Legend is not appearing in this action. (Emphasis in original). 

By another email submission on the same date, Mr. Gelber advised FINRA: "I was Legend's counsel and still have unrevoked authority to accept service." 

On February 20, 2018, Mr. Gelber advised FINRA that he withdrew as counsel for Legend and Fusco. 

The Arbitrator determined that Legend was served with the Statement of Claim and had notice of this arbitration case and the pleadings through Mr. Gelber, and is therefore bound by the Arbitrator's ruling and determination. 

On June 20, 2017, Claimant dismissed his claims against Aegis with prejudice. 

On April 28, 2018, Fusco filed for bankruptcy under the United States Bankruptcy Code. In accordance with these filings, all claims against Fusco are indefinitely stayed. Therefore, the Arbitrator made no determination with respect to the claims against Fusco. 

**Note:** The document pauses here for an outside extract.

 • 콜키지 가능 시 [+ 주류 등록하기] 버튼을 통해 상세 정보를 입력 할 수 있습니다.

On May 7, 2018, Claimant advised FINRA that Cacace was dismissed without prejudice. On May 11, 2018, Cacace advised FINRA that he agreed to be dismissed without prejudice. 

So . . . you got all of that? Really??

An Existential Dilemma

Respondent Fusco has a lawyer. According to the FINRA Arbitration Decision, that lawyer is Lawrence R. Gelber. For some reason, which, frankly, escapes me, Gelber advised FINRA that he had authority to accept service on behalf of Respondent Legend despite the fact that the Decision states that Legend had not submitted a Statement of Answer or an executed Submission Agreement. Frankly, I don't see any indication that Gelber filed an appearance as Legend's counsel, so I'm not sure why the issue of his accepting service on that firm's behalf even came up. Notwithstanding my lack of understanding, the issue is set forth in the Decision -- so, yeah, it came up . . . supposedly.

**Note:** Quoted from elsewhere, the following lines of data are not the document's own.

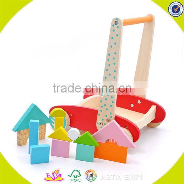 2017 wholesale preschool wooden baby walker with blocks new design colorful wooden baby walker with blocks W16E073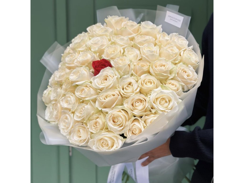 Don’t feel like experimenting with flowers? 🤍 Then white roses are exactly what she’ll love! We can prepare 51 white roses, or add one red rose like in the photo. Only Fresh and Fragrant Flowers.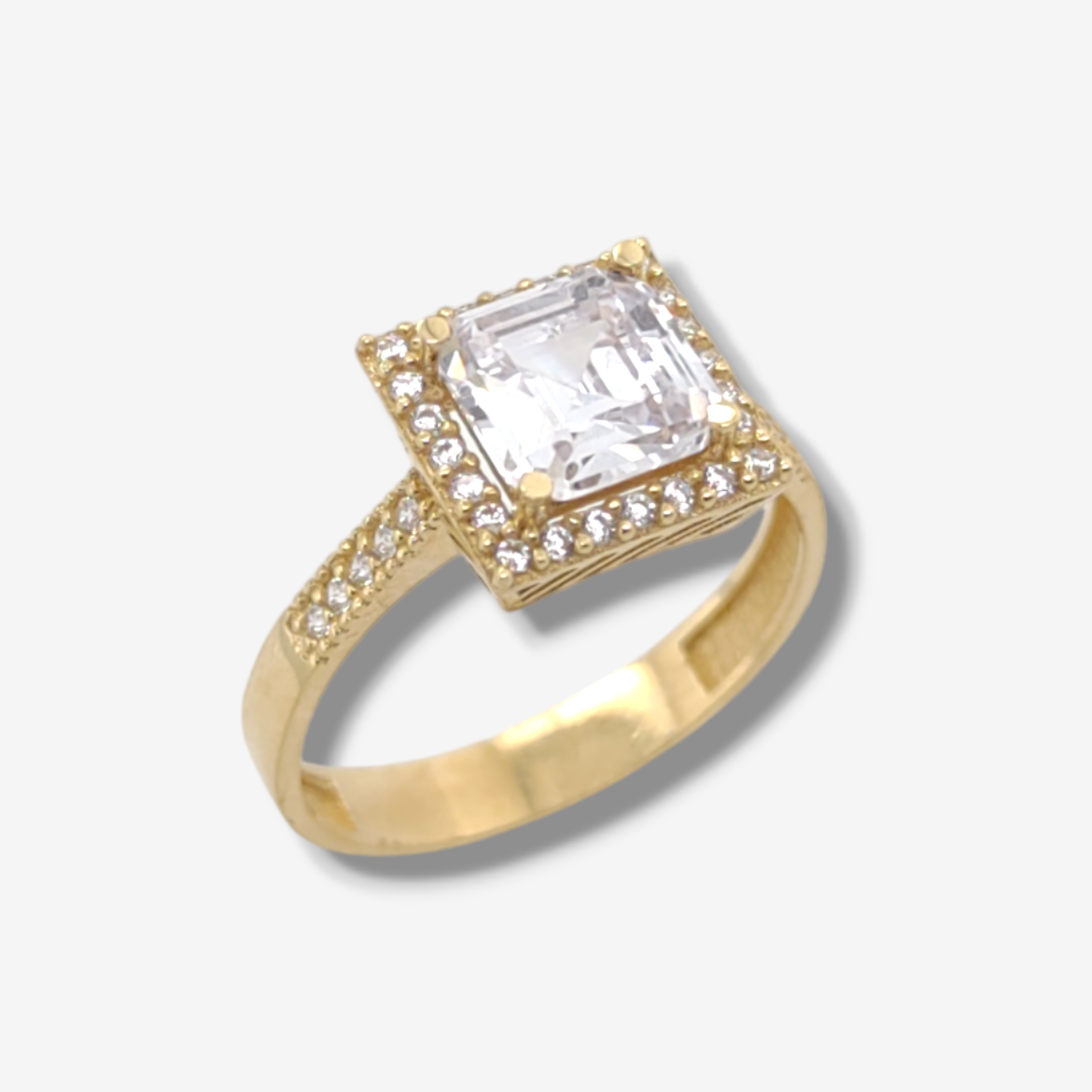 Anillo Compromiso Zircon Central c/ Halo de Zircones – Oro Amarillo 18Kts

Although Gelber apparently stated that he had "authority to accept service" for Legend, he also stated that "Legend is not appearing in this action." That sets up an interesting existential conundrum. A party is not appearing in an action, doesn't execute a prerequisite Submission Agreement, and doesn't file an Answer but a lawyer sitting at the hearing table says that he has "authority to accept service" for that missing-in-action party. Okay. Ummm . . . if that makes sense to you, wonderful. Me . . . I don't even know where to begin with all of that. 

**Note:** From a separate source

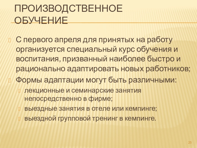 обучения и воспитания, призванный наиболее быстро и рационально адаптировать новых работников;

Further, Gelber then states that Legend no longer exists "in physical form" and it no longer occupies the last known address to which FINRA has been sending letters.  It certainly brought a smile to my face when Gelber offered to email Legend's custodian of records but did so with the admonition that "it would be absurd." We then take the absurd to an even more extreme state when we learn that following Gelber's assertion in May 2017, that he had "unrevoked authority to accept service" for Legend, the lawyer subsequently notified FINRA in February 2018 that he had withdrawn as counsel for both Legend and Fusco. So . . . either Legend revoked the unrevocable or Gelber took matters into his own hands.

Perhaps out of annoyance or out of a sincere belief that the predicate proof had been demonstrated, the sole FINRA Arbitrator ruled that Legend had been served with the Statement of Claim and had notice of the arbitration and attendant pleadings "through Mr. Gelber, and is therefore bound by the Arbitrator's ruling and determination." Sure. That all makes perfect sense. Just don't ask me to explain how or why. And let's not even get into Respondent Aegis's and Respondent Cacace's dismissal or Respondent Fusco's bankruptcy! In any event, Claimant Romero proceeded only against Respondent Legend by way of a default proceeding. Claimant is going after a company that lacks a physical address. That should prove profitable in a magical way, right?

Award

To put this beast out of its misery, the sole FINRA Arbitrator found Legend Securities liable and ordered it to pay to Claimant $33,000.00 in compensatory damages plus $15,266.21 interest. 

Bill Singer's Comment

I can't wait to see how Claimant manages to collect on this one. And folks wonder why I am a staunch proponent of requiring FINRA to fund and maintain an anti-fraud fund to guaranty the payment of all compensatory damages to defrauded public customers? Consider this FINRA customer arbitration as Exhibit A. At least magic is in the air.